Anomaly Detection from a Tensor Train Perspective

Original authors: Alejandro Mata Ali, Aitor Moreno Fdez. de Leceta, Jorge López Rubio

Published 2026-05-05

📖 5 min read🧠 Deep dive

Original authors: Alejandro Mata Ali, Aitor Moreno Fdez. de Leceta, Jorge López Rubio

Original paper licensed under CC BY 4.0 (http://creativecommons.org/licenses/by/4.0/). ✨ This is an AI-generated explanation of the paper below. It is not written or endorsed by the authors. For technical accuracy, refer to the original paper. Read full disclaimer

Imagine you have a giant library of books. Most of the books are copies of the same popular novel (the "normal" data), but a few are strange, handwritten scribbles or completely different genres (the "anomalies"). Your goal is to find those strange books without reading every single one.

This paper presents a new way to do that using a mathematical tool called Tensor Trains. Think of this tool not as a book, but as a highly efficient compression machine (like a super-advanced Zip file).

Here is the simple breakdown of how it works, the methods they tried, and what they found.
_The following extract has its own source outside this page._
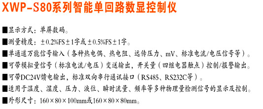 首页> 全部产品 > 温度仪表> 指针式调节仪> XWP-S80系列智能单回路数显控制仪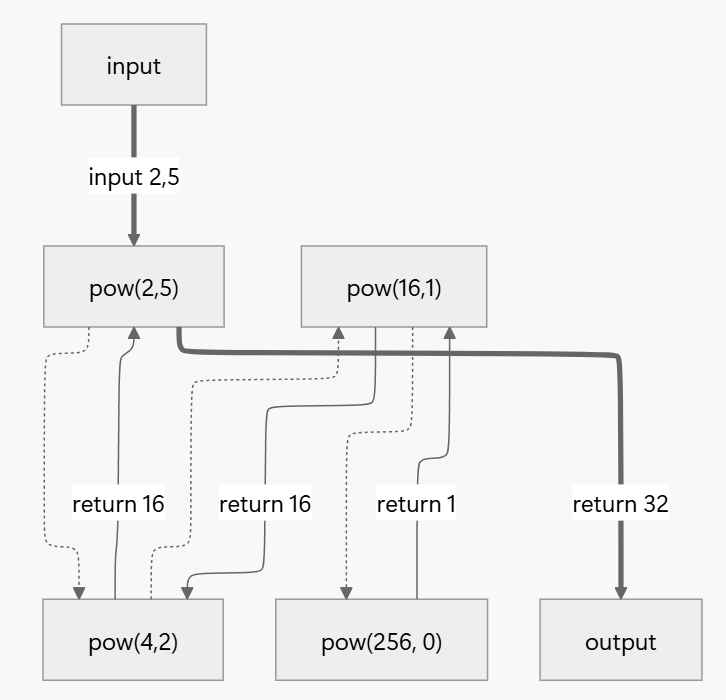 pow(2,5)에서 5 == 0이 false이고 5가 홀수이므로2 * pow(2 * 2, (5 -1)/2) 연산 과정에서 pow(4,2)를 호출pow(4,2)에서 2 == 0이 false이고 4가 짝수이므로pow(4 * 4, 2 / 2) 연산 과정에서 pow(16,1)을 호출pow(16,1)에서 1 == 0이 false이고 1이 홀수이므로16 * pow(16 * 16, (1 - 1) / 2 ) 연산 과정에서 pow(256, 0)을 호출pow(256,0)은 종료 조건을 만족하므로 1을 반환pow(16,1)은 16 * pow(256, 0)의 결과로 16을 반환 pow(4,2)는 pow(16,1)의 결과로 16을 반환pow(2,5)는 2 * pow(4,2)의 결과인 32로 최종값을 도출x^n연산에서 재귀 방식은 O(log₂ n)의 복잡도를 가짐(n == 0) return 0(n == 1) return 1재귀 호출:

The Core Idea: The "Squeeze" Test

The authors' main idea is based on a simple principle: Normal things fit together; weird things don't.

The Setup: They take a dataset (like pictures of digits or computer network logs) and feed it into their compression machine.
The Squeeze: They tell the machine to "squish" the data down, throwing away the tiny, unimportant details to save space.
The Result:
- Normal Data: Because these items share common patterns (like how all the digit "1"s look similar), the machine can squish them down and then un-squish them back to almost their original shape. They fit the mold perfectly.
- Anomalous Data: Because these items are weird or unique, they don't fit the mold. When the machine tries to squish them, it throws away too much of their unique structure. When it tries to un-squish them, they look distorted or broken.

The Test: They compare the original item with the "un-squished" version. If they look very similar, it's normal. If they look very different, it's an anomaly.

The Two Main Methods

The paper describes two ways to run this test, like two different strategies for organizing that library:

1. The "Global" Method (The Group Hug)

How it works: You feed the entire library (or a huge chunk of it) into the compression machine at once. The machine learns the "average" shape of the whole group.
The Analogy: Imagine taking a photo of the whole library, compressing that photo, and then seeing how well each individual book fits into that compressed photo.
Pros: It's fast and works well for big datasets.
Cons: It needs a lot of data to start.

2. The "Local" Method (The One-on-One)

How it works: You pick just one perfect example of a "normal" book (a training example). You build a mold based on that single book. Then, you test every other book against that specific mold.
The Analogy: You take one perfect "1" from the digit dataset, memorize its shape, and then check every other number to see if it fits that specific "1" mold.
Pros: It can be incredibly accurate (sometimes perfect).
Cons: It is extremely slow. The paper notes it is about 50 times slower than the global method.

What They Tested

The authors tested these methods on three different "libraries":

Handwritten Digits: Trying to spot a "7" when the library is mostly "1"s.
Faces: Trying to spot a different face in a room full of the same person.
Cybersecurity: Trying to spot a hacker attack in a stream of normal computer requests.

The Surprising Findings

The paper revealed a few counter-intuitive results:

Don't Over-Compress: You might think squeezing the data as much as possible would be best. However, the authors found that very light compression (just a tiny squeeze) often worked best. If you squeeze too hard, you start destroying the "normal" patterns too, making it hard to tell the difference.
The "Scaler" Trap: In data science, it's common to "scale" data (like resizing all photos to the same brightness or size) before processing. The authors found that for their specific method, scaling actually ruined the results. It was like trying to fit a square peg in a round hole; the scaling destroyed the specific patterns the machine needed to see.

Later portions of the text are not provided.